» **Description of the task**
Pictures are to be left out, and only the lines below starting at the one with "Balmy Blue Classic Stampin' Pad - 147105" and ending at the one with "B2911309 Cable gland" are to be reproduced, each exactly, both ends included.

── Information given ──

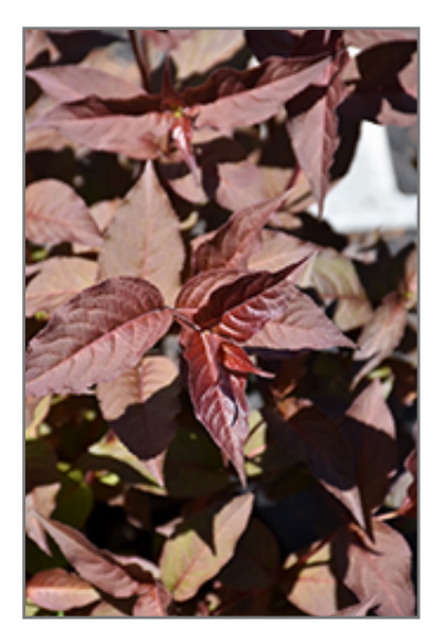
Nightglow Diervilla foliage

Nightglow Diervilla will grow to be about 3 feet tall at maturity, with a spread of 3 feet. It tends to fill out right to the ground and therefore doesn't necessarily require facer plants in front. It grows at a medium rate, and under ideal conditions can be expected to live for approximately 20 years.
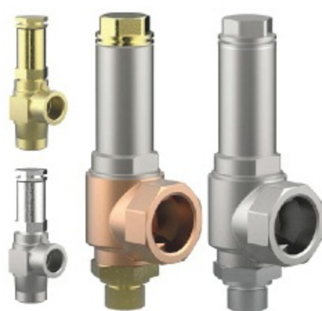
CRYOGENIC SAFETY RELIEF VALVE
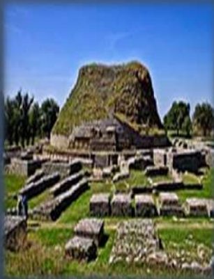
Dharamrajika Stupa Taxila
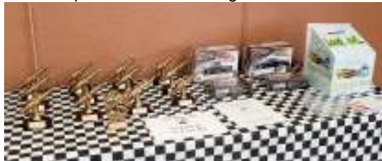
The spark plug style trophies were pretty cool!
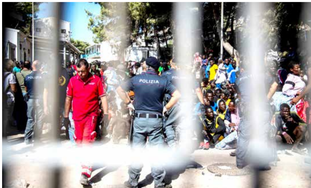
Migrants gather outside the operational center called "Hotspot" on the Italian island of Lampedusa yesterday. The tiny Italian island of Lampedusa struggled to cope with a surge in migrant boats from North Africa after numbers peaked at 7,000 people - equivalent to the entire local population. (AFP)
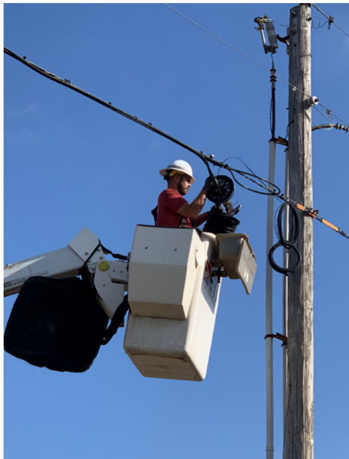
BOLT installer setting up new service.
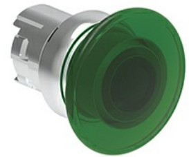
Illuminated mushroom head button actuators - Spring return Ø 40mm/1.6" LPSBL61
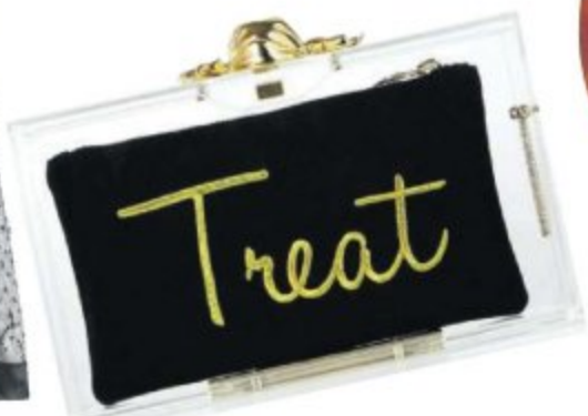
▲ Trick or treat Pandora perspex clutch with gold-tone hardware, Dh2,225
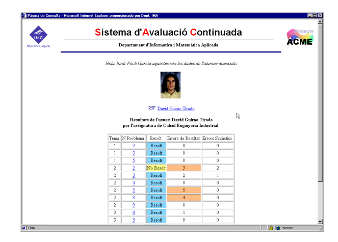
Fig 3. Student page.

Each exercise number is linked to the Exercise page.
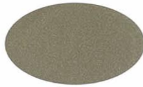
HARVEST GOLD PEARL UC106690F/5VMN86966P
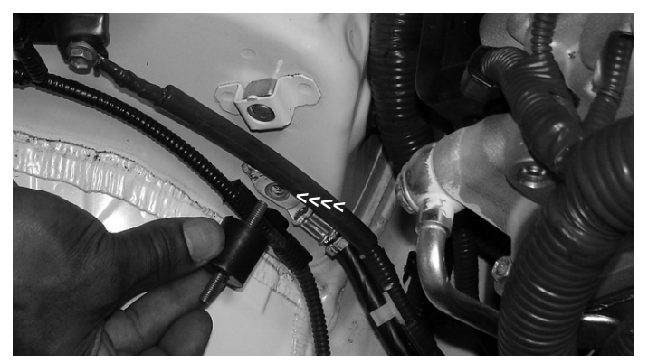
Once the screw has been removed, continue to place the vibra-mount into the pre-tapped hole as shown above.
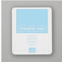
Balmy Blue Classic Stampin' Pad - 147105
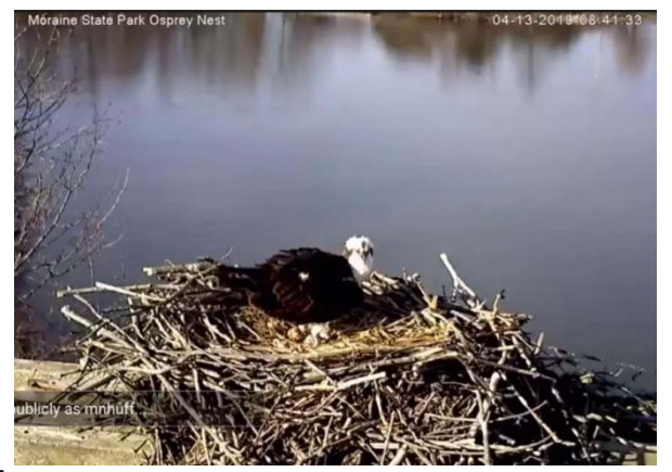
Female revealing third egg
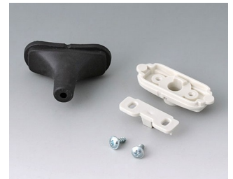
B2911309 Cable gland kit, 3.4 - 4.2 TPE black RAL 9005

───
── Information given ──

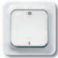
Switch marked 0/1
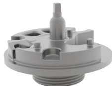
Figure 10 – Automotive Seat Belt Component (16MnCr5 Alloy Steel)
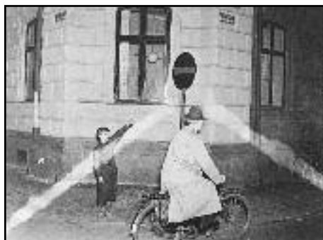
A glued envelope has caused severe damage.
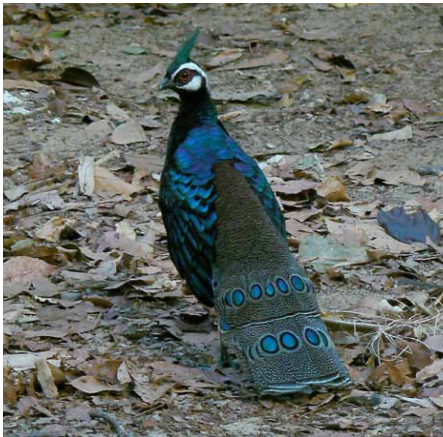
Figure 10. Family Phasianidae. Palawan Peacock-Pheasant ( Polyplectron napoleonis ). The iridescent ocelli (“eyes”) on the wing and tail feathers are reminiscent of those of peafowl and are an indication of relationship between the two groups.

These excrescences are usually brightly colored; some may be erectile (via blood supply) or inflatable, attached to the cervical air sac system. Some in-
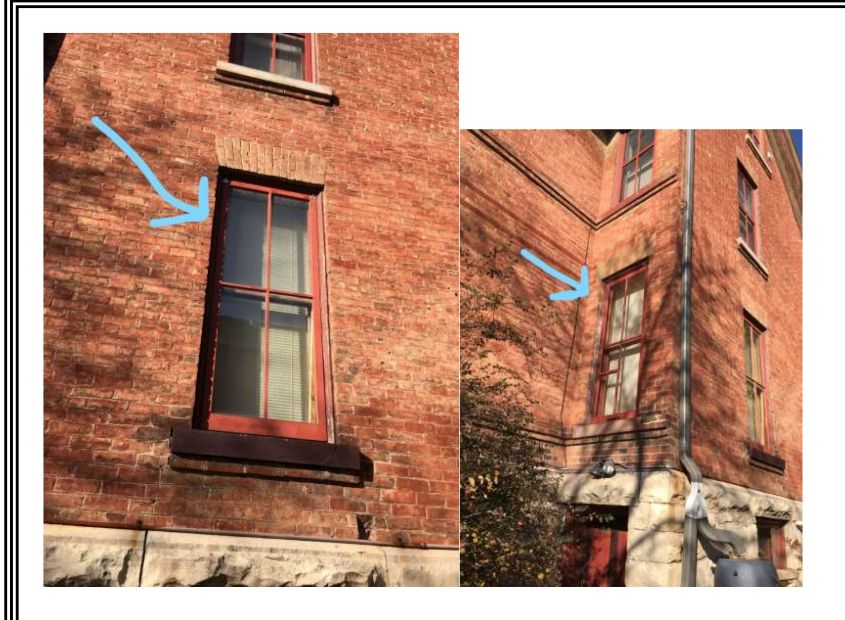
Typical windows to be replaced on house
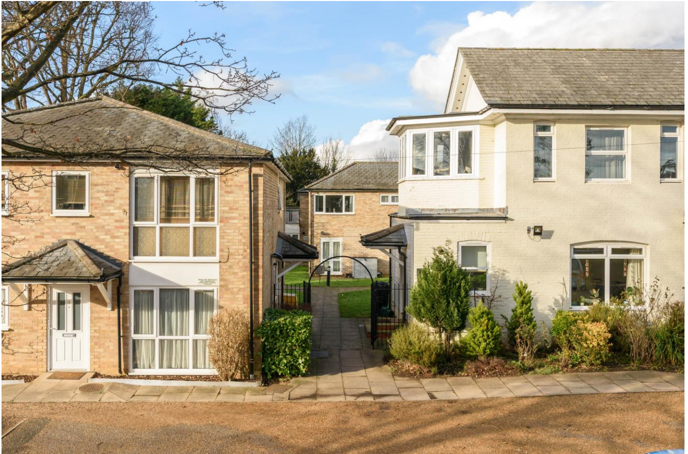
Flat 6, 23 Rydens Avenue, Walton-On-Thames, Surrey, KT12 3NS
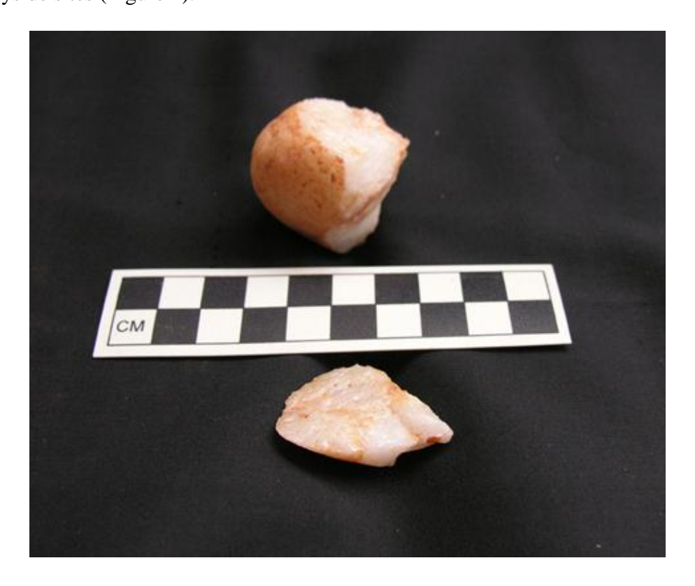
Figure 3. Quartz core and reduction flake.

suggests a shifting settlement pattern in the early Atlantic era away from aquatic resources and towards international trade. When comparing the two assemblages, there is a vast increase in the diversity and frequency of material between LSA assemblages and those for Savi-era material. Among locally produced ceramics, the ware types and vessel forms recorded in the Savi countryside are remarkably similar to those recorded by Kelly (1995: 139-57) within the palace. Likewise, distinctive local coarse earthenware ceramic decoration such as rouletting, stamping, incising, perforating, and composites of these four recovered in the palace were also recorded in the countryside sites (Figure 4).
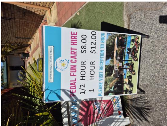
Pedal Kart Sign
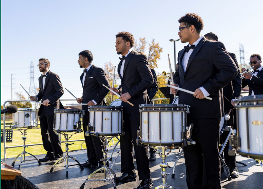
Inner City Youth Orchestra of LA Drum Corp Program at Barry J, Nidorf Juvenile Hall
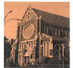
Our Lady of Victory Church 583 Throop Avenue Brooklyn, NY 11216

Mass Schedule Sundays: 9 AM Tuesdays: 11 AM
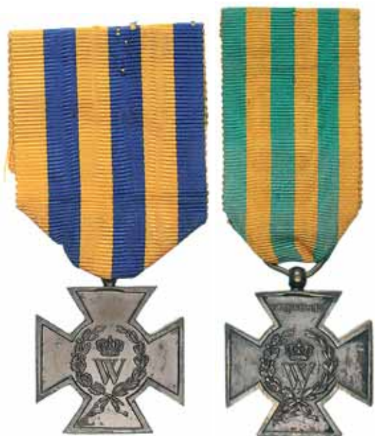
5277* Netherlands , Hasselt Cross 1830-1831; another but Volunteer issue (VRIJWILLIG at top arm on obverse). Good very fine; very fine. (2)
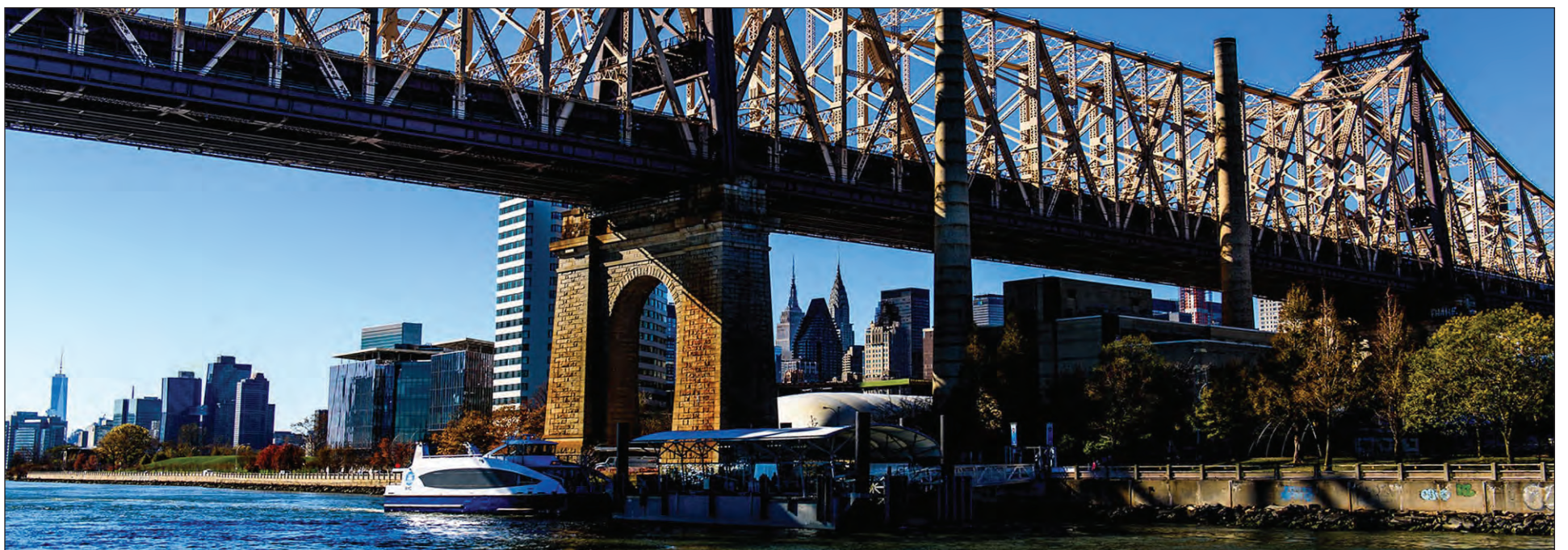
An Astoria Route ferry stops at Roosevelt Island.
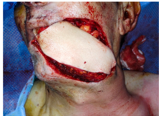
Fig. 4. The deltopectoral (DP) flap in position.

───
── Information given ──

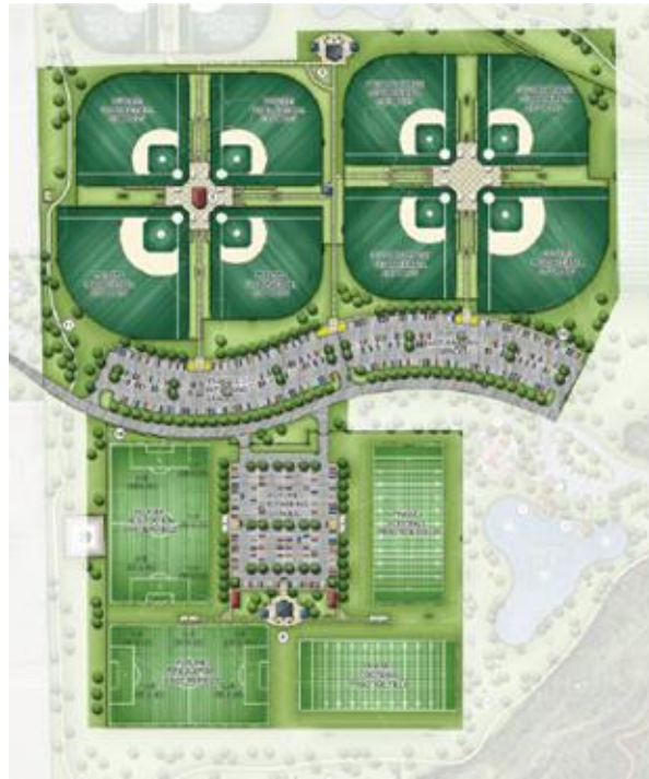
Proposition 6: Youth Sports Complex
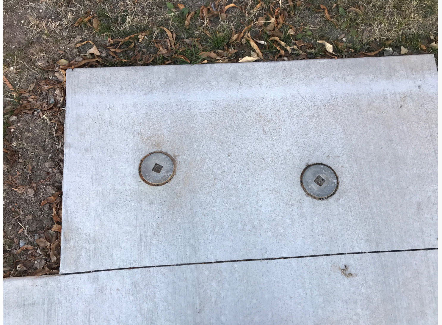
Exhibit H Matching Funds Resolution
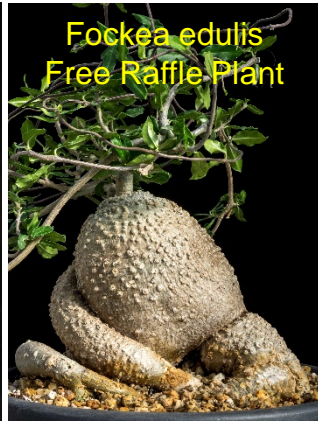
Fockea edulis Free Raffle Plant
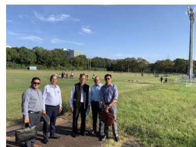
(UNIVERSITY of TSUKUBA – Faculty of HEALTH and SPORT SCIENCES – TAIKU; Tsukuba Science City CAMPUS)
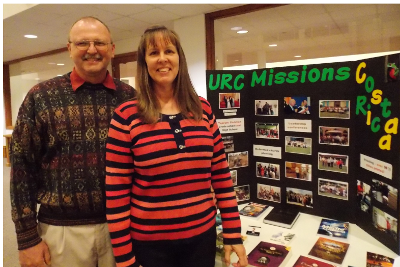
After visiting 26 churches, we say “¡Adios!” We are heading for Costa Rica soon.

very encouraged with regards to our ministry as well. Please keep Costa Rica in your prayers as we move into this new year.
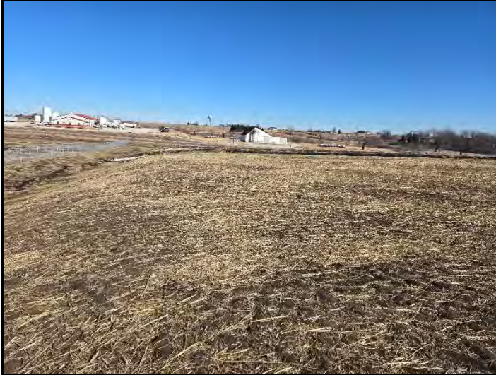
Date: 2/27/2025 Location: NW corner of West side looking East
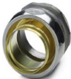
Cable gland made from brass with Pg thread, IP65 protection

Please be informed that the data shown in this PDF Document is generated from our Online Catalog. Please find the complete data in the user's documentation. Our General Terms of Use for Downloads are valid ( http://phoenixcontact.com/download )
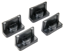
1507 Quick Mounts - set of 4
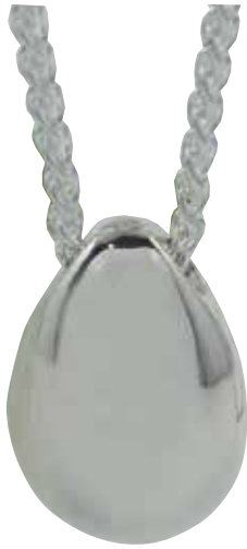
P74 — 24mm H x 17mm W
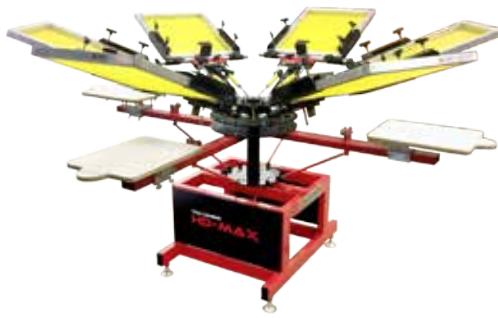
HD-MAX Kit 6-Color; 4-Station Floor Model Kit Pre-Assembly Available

───

» **Answer to this problem**
Balmy Blue Classic Stampin' Pad - 147105
Female revealing third egg
B2911309 Cable gland kit, 3.4 - 4.2 TPE black RAL 9005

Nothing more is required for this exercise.